To cap WW's Erotica Awareness Month (see our final feature on page 39), we teamed up with the Clinton Street Theater and Portland film collector Ian Sundahl to screen an hourlong collection of rare, vintage shorts from the Golden Age of Porn on 35 mm: a once in a lifetime chance to see surprisingly artsy, weird glimpses from a forgotten time in cinema. Clinton Street Theater. 10 pm Friday, March 31. $6 advance, $8 day of show. 21+.
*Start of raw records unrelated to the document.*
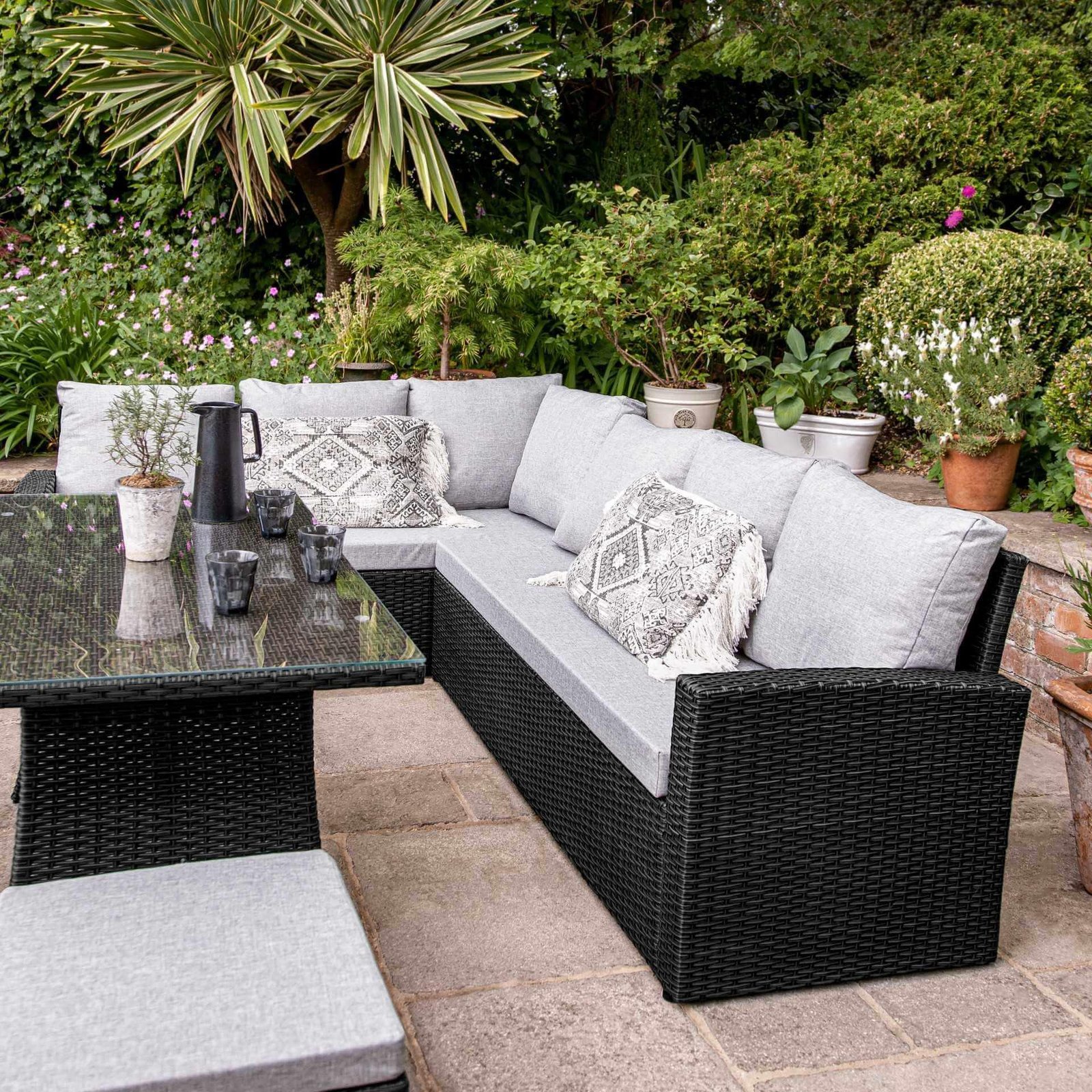 The Aston Rattan Corner Sofa & Dining Set is a wonderful option for casual diners. The corner sofa would comfortably seat 6 but with the addition of 3 footstools which double up as extra seating, this set can seat up to 9 people making it ideal for al fresco dinner parties with friends and family.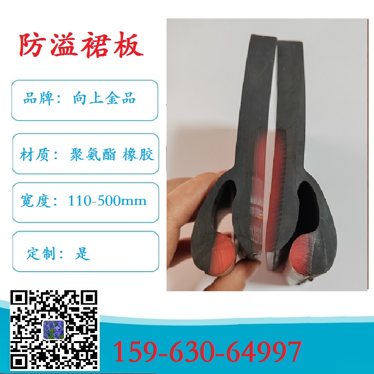 产品介绍→:防溢裙板是一种重要的密封和防护工具,主要用于输送带与导料槽之间以及缓冲床与导料槽之间的密封。它由聚氨酯和橡胶复合而成。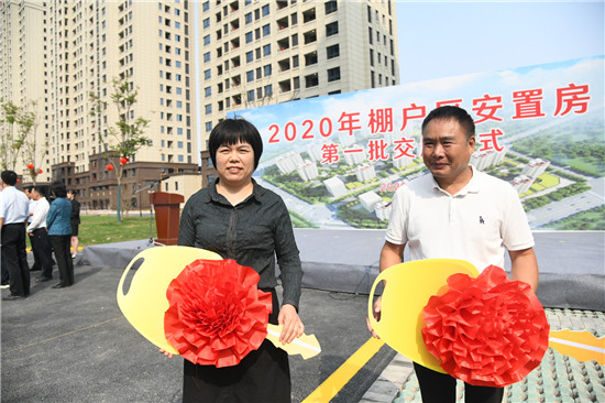 9月27日,2020年棚戶區安置房第一批交房,德和家園業主代表喜領鑰匙。記者 王映 攝 (③2)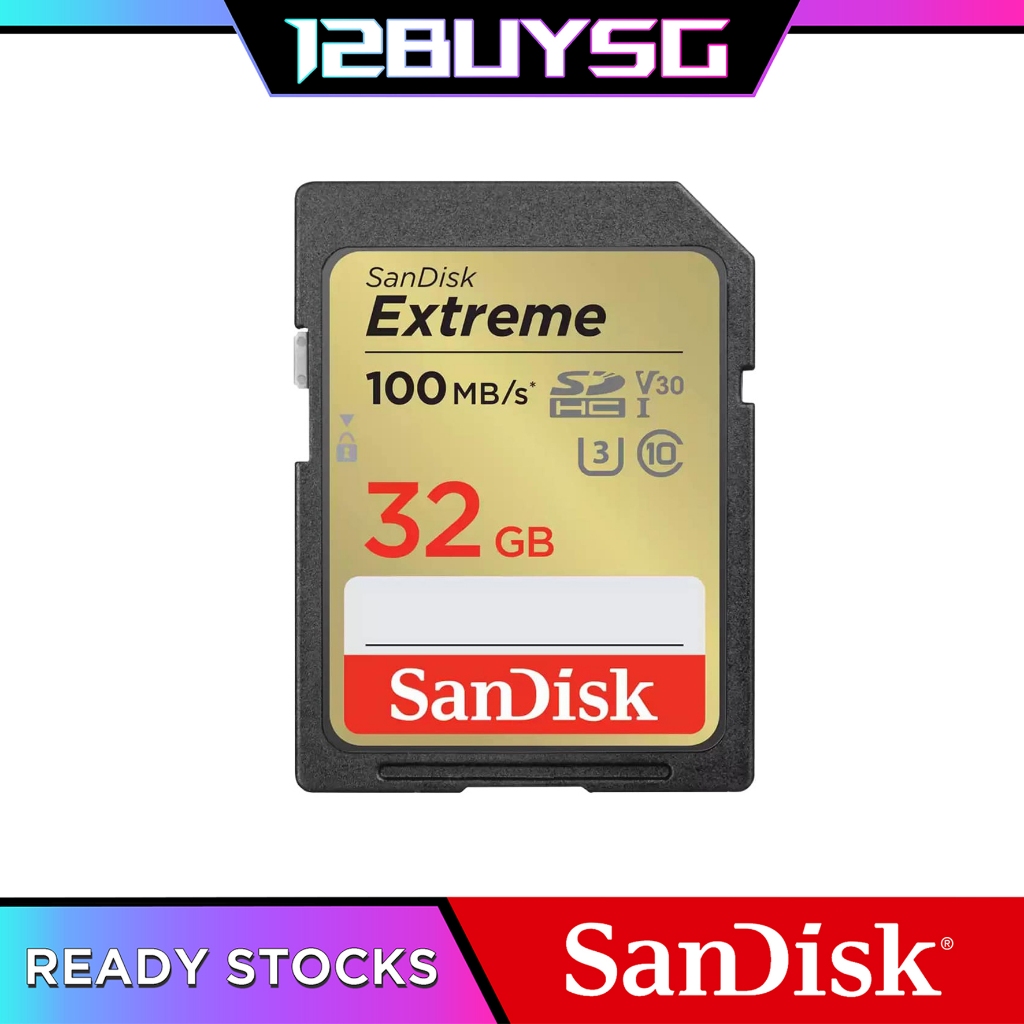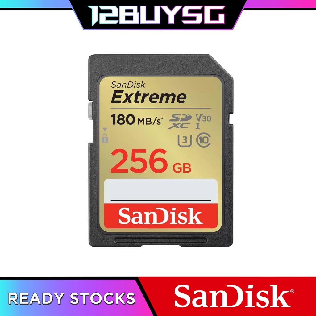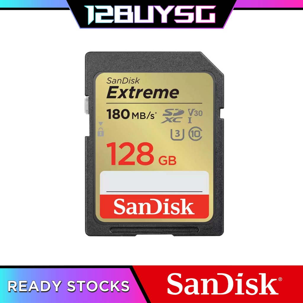 SanDisk Extreme SD Card 180MB/s 256GB 128GB 170MB/s 64GB 100MB/s 32GB 16GB DXVA DXVV DXVT DXNE 12BUY.SG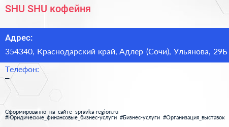 SHU SHU, кофейня по адресу 354340, Краснодарский край, Адлер (Сочи), Ульянова, 29Б в дальнейшем Организация, размещена в следующих категориях:

Critic's Rating: 2/4 stars.Wilson, the story of a smug, friendless middle-aged man's quest for a place in the lives of his drug-addled ex-wife (Laura Dern) and the daughter he just found he had (Isabella Amara) is one of those movies that can't quite decide who it was made for. Daniel Clowes fans, having read the original graphic novel, will no doubt find Woody Harrelson's disheveled buffoonery an oddly charming complement to his role as this story's protagonist, who constantly finds himself saying the rudest thing possible with the best of intentions. But the rest of us, without the same contextual tools, will have trouble seeing the point of it all. In part because the graphic novel's initial intention was to parody the Sunday funnies, which it executed with an impeccable wit and subtlety that cannot, no matter the cartoonishly exaggerated characters and original block font titles, be translated perfectly to film. What Wilson does have going for it are bang-up performances from all its leads, and a script by Clowes that affords a few moments of perfectly lifelike disappointment, frustration, vulgarity and uncontrollable laughter at the absurd hopelessness of it all. R. ISABEL ZACHARIAS. Bridgeport, Cinema 21, City Center, Clackamas.
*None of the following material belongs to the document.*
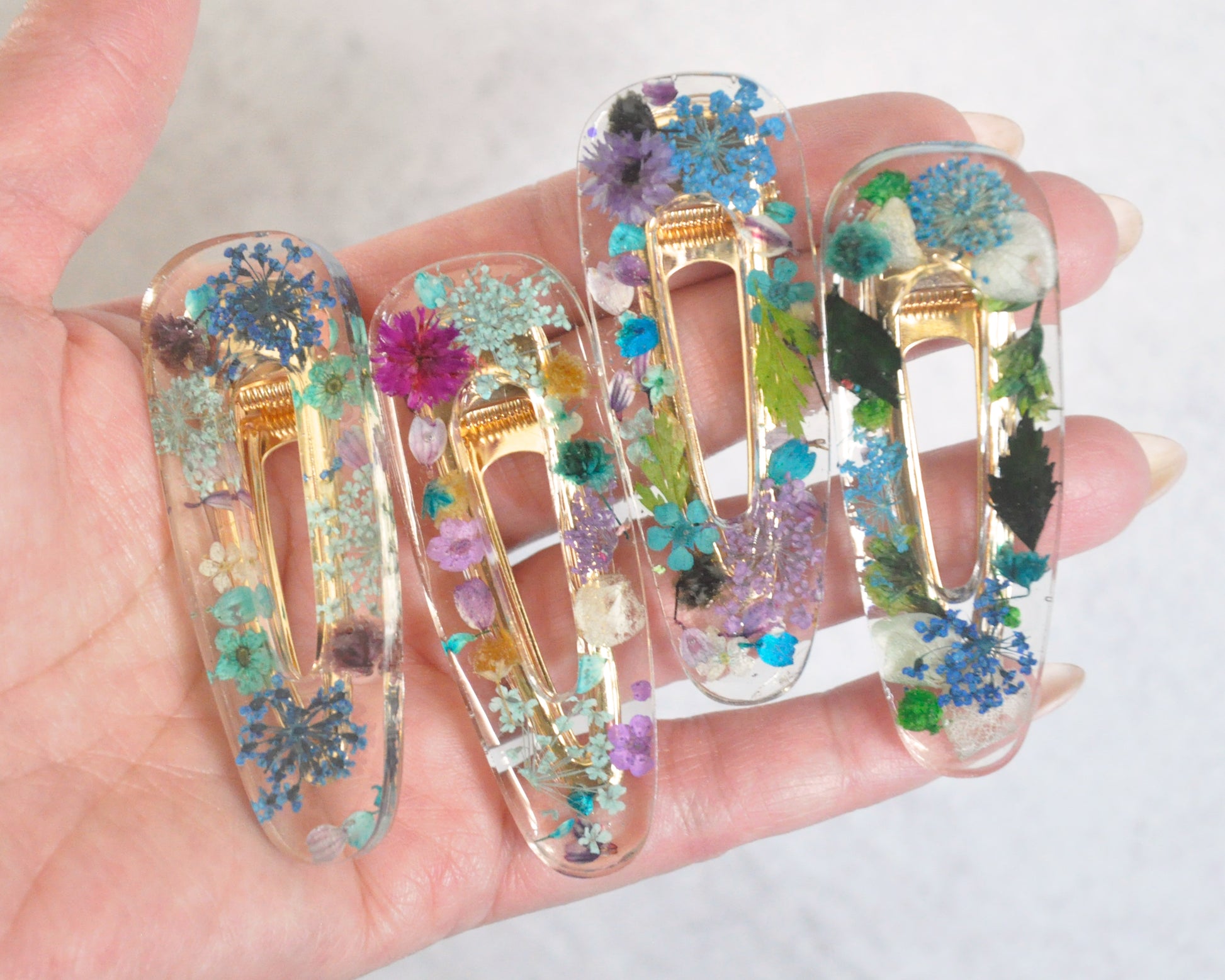 Each floral resin hair clip is lovingly handmade for all ages, adding a pop of personality to your daily hairstyle or making a heartfelt gift for someone special.

A new documentary following the GPS-collared wolf called "OR-7" and the expedition team that tracks him through Oregon and California. NR. Hollywood Theatre. 7:30 pm Thursday, March 30.
The Zookeeper's Wife
Critic's Rating: 2/4 stars.Set in the Warsaw Zoo during Nazi rule, The Zookeeper's Wife is perfectly capable of evoking the emotions most Holocaust retellings do: dread, despair, helplessness, the moment of first resistance. From 1939 to 1945, the zoo's proprietors—Antonina and Jan Zabinski (Jessica Chastain and Johan Heldenbergh)—ferry Jews out of the Polish capital's infamous ghetto, using empty cages and feeding tunnels to avoid detection. While that's an intriguing based-on-a-true-story starting point, the filmmaking paints by the tragic numbers. Chastain delivers an effortful, tight-jawed homage to Meryl Streep's Polish accent in Sophie's Choice, but the Antonina character isn't developed, which is mind-boggling in a movie both based on her diary and suggesting a lionizing character study with its title. She cradles baby animals and suffers the indignity of sexual advances from Nazi zoologist Lutz Heck (Daniel Brühl), but there's no nuance to any of the ample torment. Meanwhile, the script's keenest insight is into the particular misfortune of Warsaw, an occupied city trapped between two bloodthirsty European powers. Frankly, it's the kind of movie that if it were any good would have been released in November as quintessential awards bait. To be a middling Holocaust film in 2017 is to be almost unbearable. PG-13. CHANCE SOLEM-PFEIFER. Bridgeport, Clackamas, Fox Tower.